= Alvin H. Perlmutter =

American film producer

Alvin H. Perlmutter, Executive Director of The Independent Production Fund, has produced television programming for over thirty years. Perlmutter’s television programs have aired on PBS, the commercial networks and cable in this country and have also been broadcast throughout Europe and the Far East.

Prior to forming his own company, Perlmutter was NBC News Vice President where he was responsible for all network documentaries and news magazine programs and earlier as Director of Public Affairs Programming and Program Manager of WNBC-TV, New York.

He has been the recipient of six national prime-time Emmys, the Peabody Award and five Ace Awards for excellence in programming on cable television.

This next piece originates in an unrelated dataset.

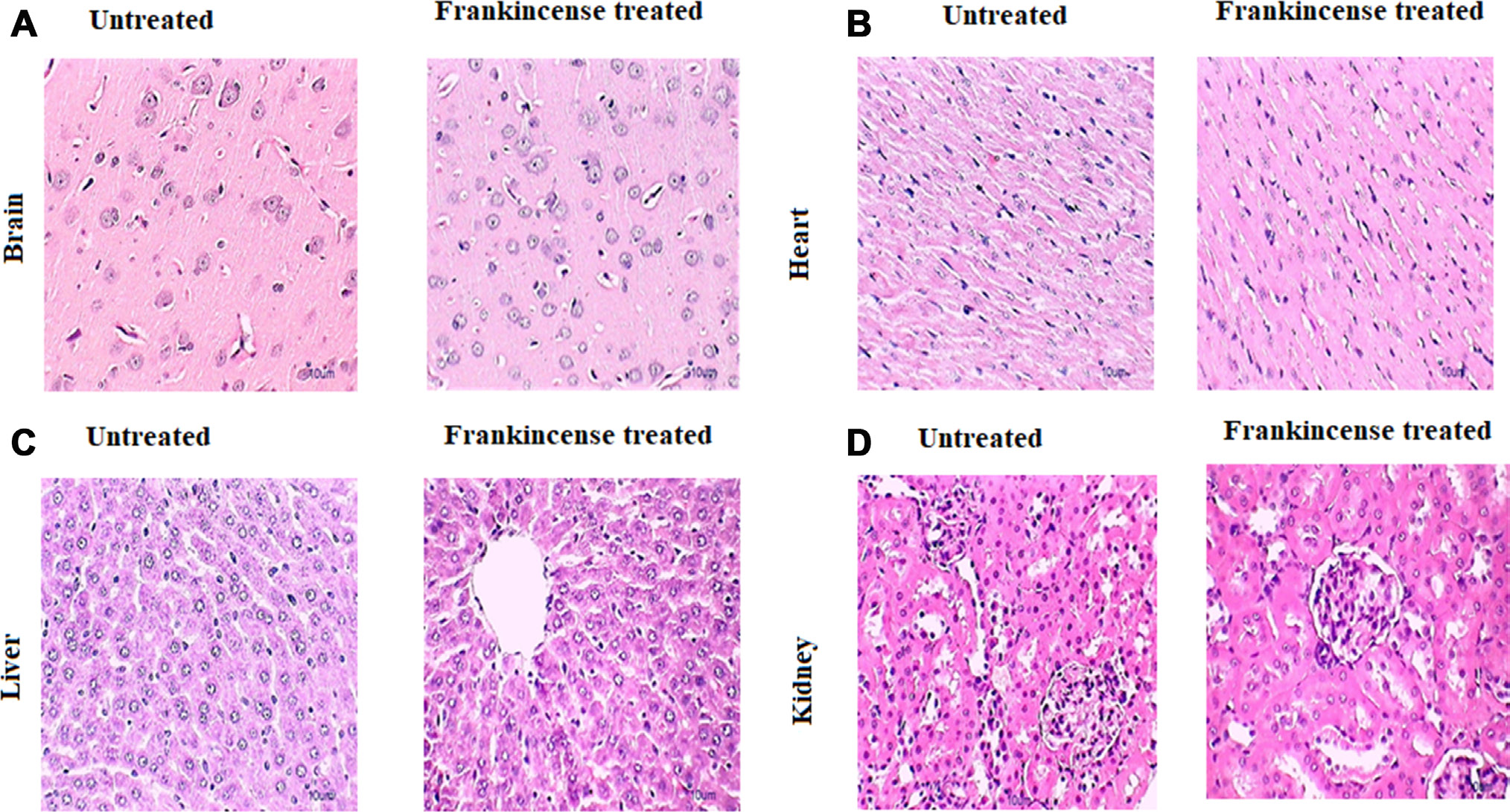 Figure 7: In vivo of toxicity of FEO on major organs: Mice were treated with FEO (1200 mg/kg body weight). At the end of experimental period major organs such as brain, heart, liver and kidney were excised and stained with hemotoxylin and eosin. Scale bar indicates 10 μm.

He was executive producer of the public affairs magazine series, The Great American Dream Machine (PBS), and he was also the co-executive producer of Joseph Campbell and the Power of Myth with Bill Moyers (PBS).  His more recent productions include Muslims, a two-hour Frontline special, God and Government, also for public television, and IPF’s latest documentary, Beyond Borders: Undocumented Mexican Americans.

==Personal life==

Perlmutter graduated from Syracuse University. He is a son ofJennie and Fred Perlmutter.

In 1994, he married Joan Konner, dean of the Columbia University Graduate School of Journalism. Konner and Perlmutter co-produced the documentaries Joseph Campbell and the Power of Myth with Bill Moyers, She Says: Women in News, and The Mystery of Love.